Jason, Perhaps I should've been more specific - loose typing prevents overflow errors. I dabbled a lot with competitive programming a few years ago . Overflow errors due to using int or short int was a key error that I had to often encounter. I would never face that with JavaScript now, would I?
It's called range checking... though loosely ALLOCATED languages like C often butcher that, as do halfwit dumbass ignorant practices like null terminated strings.
Again though, I'm a Wirth language kind of guy; length limited for the win. If you store the length as the first byte, word, dword, or qword, you have something you can check against BEFORE you do something like start drilling down through what's stored or copying things around.
Programmers getting lazy and skipping that most basic of steps or blindly trusting their data streams is what causes 'overflows'. PARTICULARLY in sloppy half-assed languages like C, MORE SO with outright stupid data handling methods.

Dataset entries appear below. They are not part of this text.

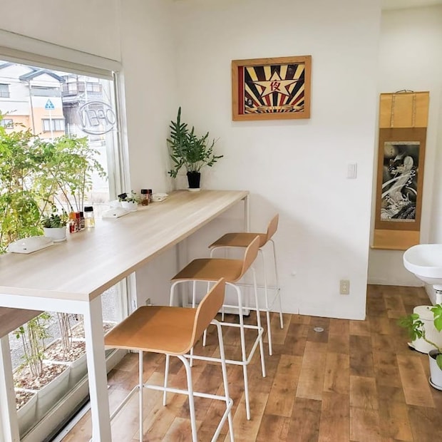 窓側に配置されたカウンター席は、大きな窓から差し込む自然光が心地よく、一人でも気兼ねなく食事を楽しめる開放的な造りになっています。
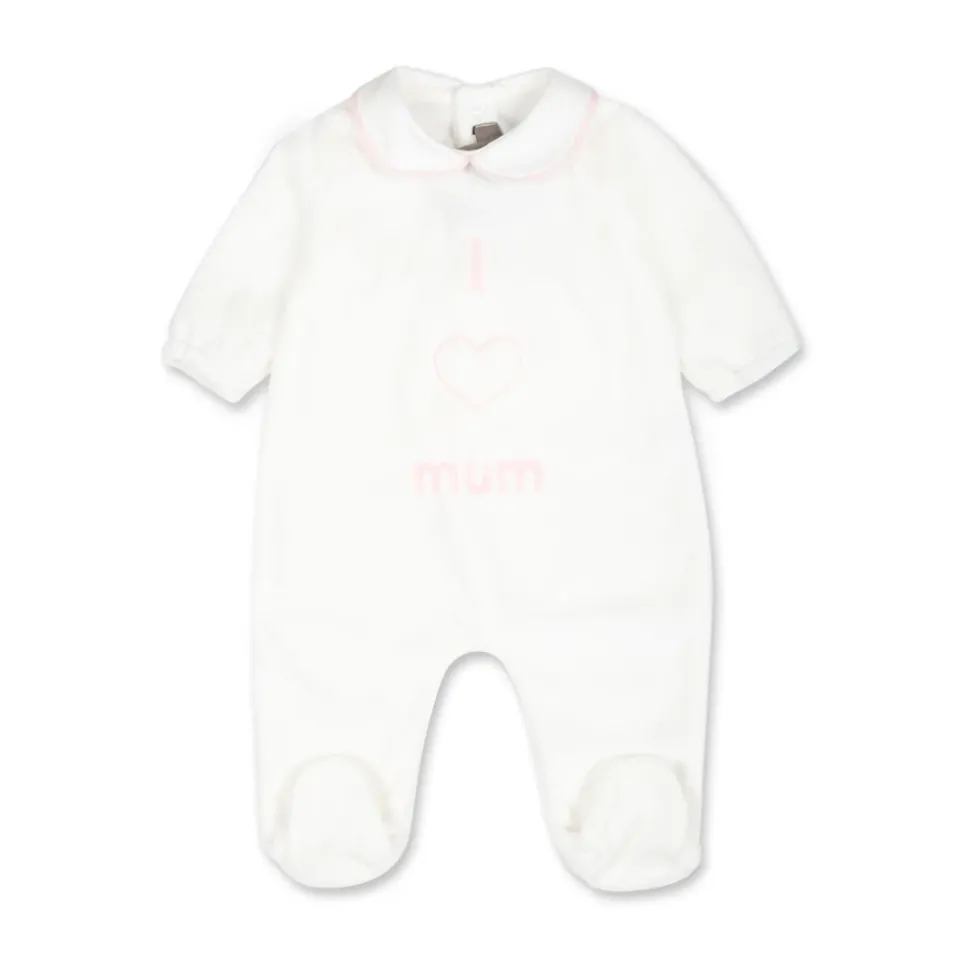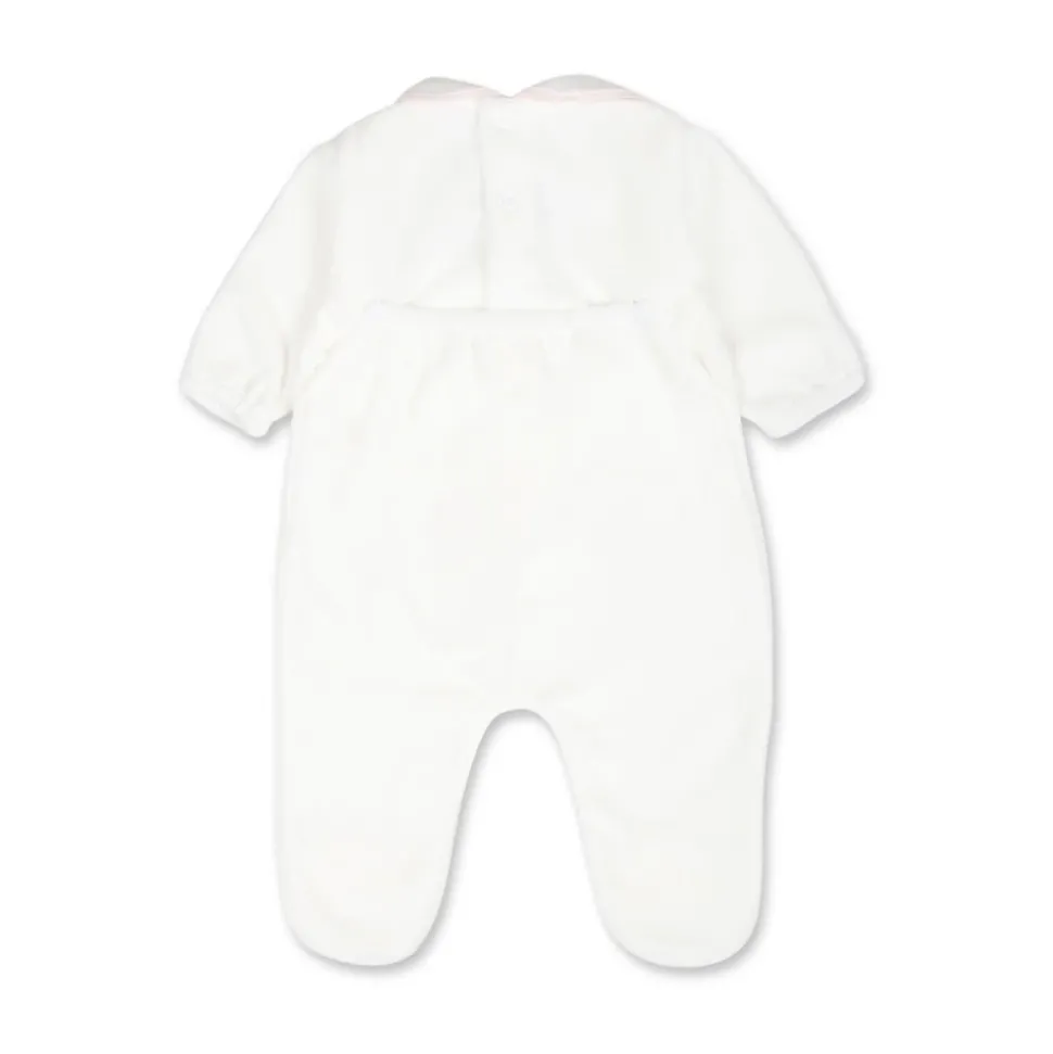 Kleed je kleintje in stijl met deze witte chenille boxpak van Little Bear. Met lange mouwen, een peter pan kraag met roze details, drukknoopsluiting op de rug en elastische voeten en manchetten. Versierd met een hart en ‘Mum’ borduursel op de voorkant. Gemaakt in Italië van 80% katoen en 20% polyamide. Alleen handwas.
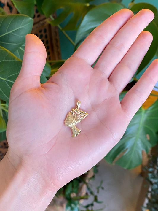Vintage Solid 14k Yellow Gold Filigree Nefertiti Charm

But again, Pascal/Modula/Ada/Assembler guy talking, "C is not my favorite programming language".
... and I'll take that risk and the little bit of extra effort over the 100% "you went full Pakled" of JavaScript's addition not always being the same TYPE of addition, randomly alternating between string and mathematical "just because". At least PHP had the common decency to give programmers a reach-around in the form of making string addition a different operator.
I don't know most of languages you quoted to mock/appreciate them, but one is bound to get frustrated if they come from more of a classical language background and mock JavaScript, citing the lack of rules that the classical languages adhere to. It's like how Tamil and English have entirely different rules, you can't say one is better than the other.
Jason Knight just to be sure you meant en.wikipedia.org/wiki/Niklaus_Wirth ? with wirth languages ? :D i had to google him. It seams likely since you references pascal but still ... :)
j got it in one. Languages based on Wirths concepts have a lot of things in common -- verbose language, (for example begin and end instead of { and }), strict typecasting, and a general concept that a LOT of mistakes programmers make shouldn't even be allowed to get past the compiler!